First question: how does it stack up against the analysis of the submissions list and my associated guesses? Four Brits (against three “expected”), one French-American, and one French (against two Americans and one RoW expected); an even gender split and one non-white writer is representative of the submissions list; six first-time nominees, which Chair of Judges Andrew M. Butler highlights in the article linked above, but which isn’t really a surprise given the lack of previous shortlistees submitted, which may point to a structural issue about the longevity of current publishing careers, or may just be a quirk of 2022. Two of the novels (Kissick and Watson) are first novels, but the rest of the nominees have careers of at least a decade behind them; ordered by length of career, we have Le Tellier, de Bodard, Beauman, Swift, Kissick/Watson. We have an overlap of two with the BSFA list (de Bodard and Swift), one with the Locus (de Bodard), one with the Kitschies (Swift), and none with any other awards so far this year.

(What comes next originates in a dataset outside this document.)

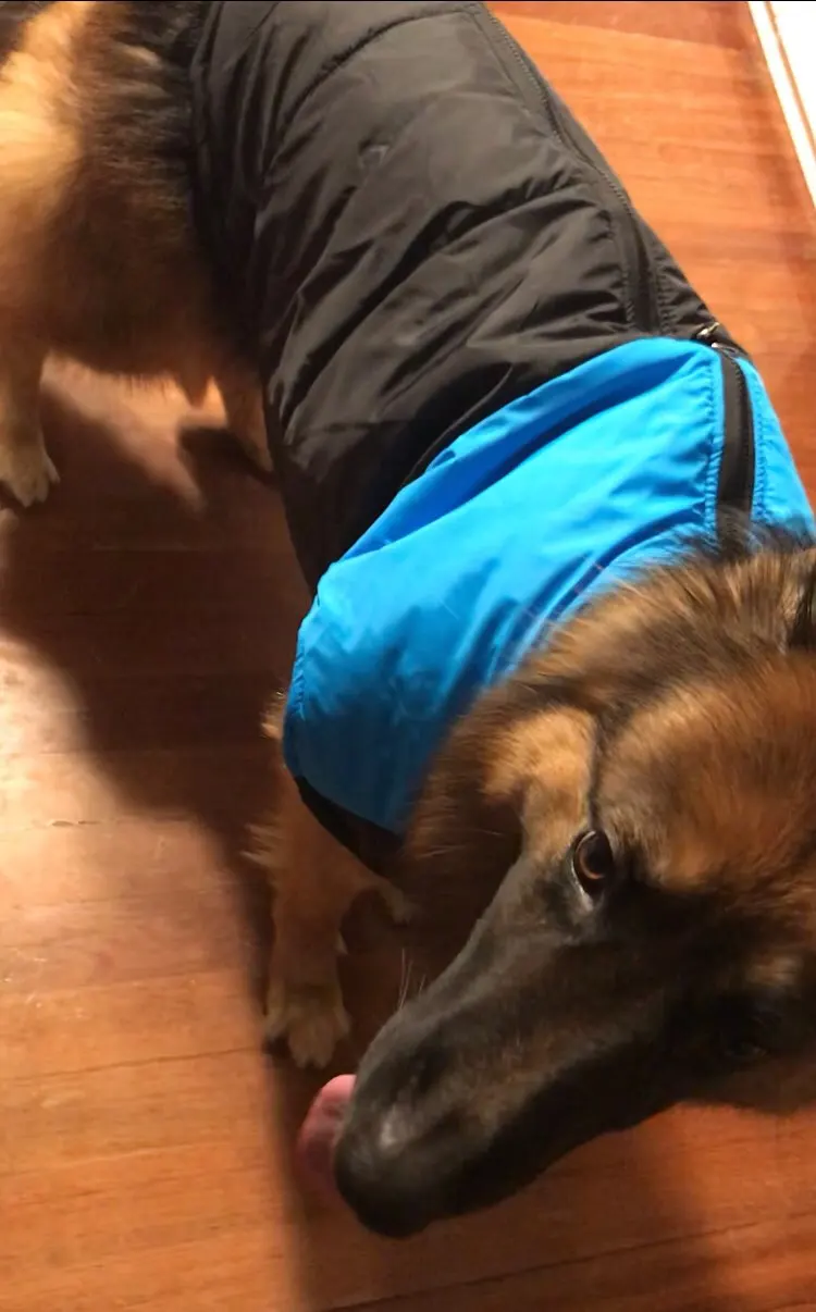Perfecto, 6XL Pastor alemán hembra de 27kg. La queda algo grande, pero creo que así tiene más facilidad de movimiento. Es calentito e impermeable. Y lo mejor de todo, es que al tener la cremallera arriba, no se moja la barriga, que en su caso al tenerla blanca, es lo que más se mancha. Lola está encantada, y nosotros también, a si que hemos comprado otro pero en rojo!! Lo que no me he atrevido a probar, son las anillas de sujeción que lleva el chaleco, porque ella tira mucho e igual lo rompe. Pero es perfecto para poner collar o arnés encima.

The publisher split is interesting: we have three ‘mainstream’ imprints, one small press genre imprint, and two from Gollancz. It’s not a particular shock that mainstream imprints are over-represented compared to their submissions list proportion, that’s a fairly common feature of Clarke shortlists; but the fact that Gollancz has two is notable. Ten years ago it wouldn’t have been: for the period between 2000 and 2012, Gollancz had at least one novel on the shortlist every year, had three novels on the shortlist four times, and accounted for four of ten winners — but, astonishingly, they haven’t had a novel shortlisted since 2018 (Sea of Rust by C. Robert Cargill), and haven’t managed two since 2014 (The Adjacent by Christopher Priest and, less compellingly, The Disestablishment of Paradise by Philip Mann). They haven’t had a winner since 2008.

I’m not convinced that latter streak is going to break this year. Plutoshine is a type of sf that I like very much, but for me only an average example of that type; and while I haven’t read The Red Scholar’s Wake yet, and expect to enjoy it more than not, everything I’ve read about it suggests that it’s unlikely to quite be the match of the two books that were on my personal shortlist, Beauman and Swift. That leaves Metronome, which I haven’t read and am curious about — albeit slightly wary of the “there’s a big revelation that will shock and surprise you” marketing — and Le Tellier, which I enjoyed as a jeu d’esprit without being deeply moved by. Still, considering the six books in isolation from potential counterfactuals (no Moonday Letters, alas!) my initial impression is favourable; all six books seem to have some substance to them, which is in the end what you hope for in a shortlist. The winner will be announced in August, and I hope to do a final round-up of coverage of the shortlisted books, plus my own further thoughts, before then.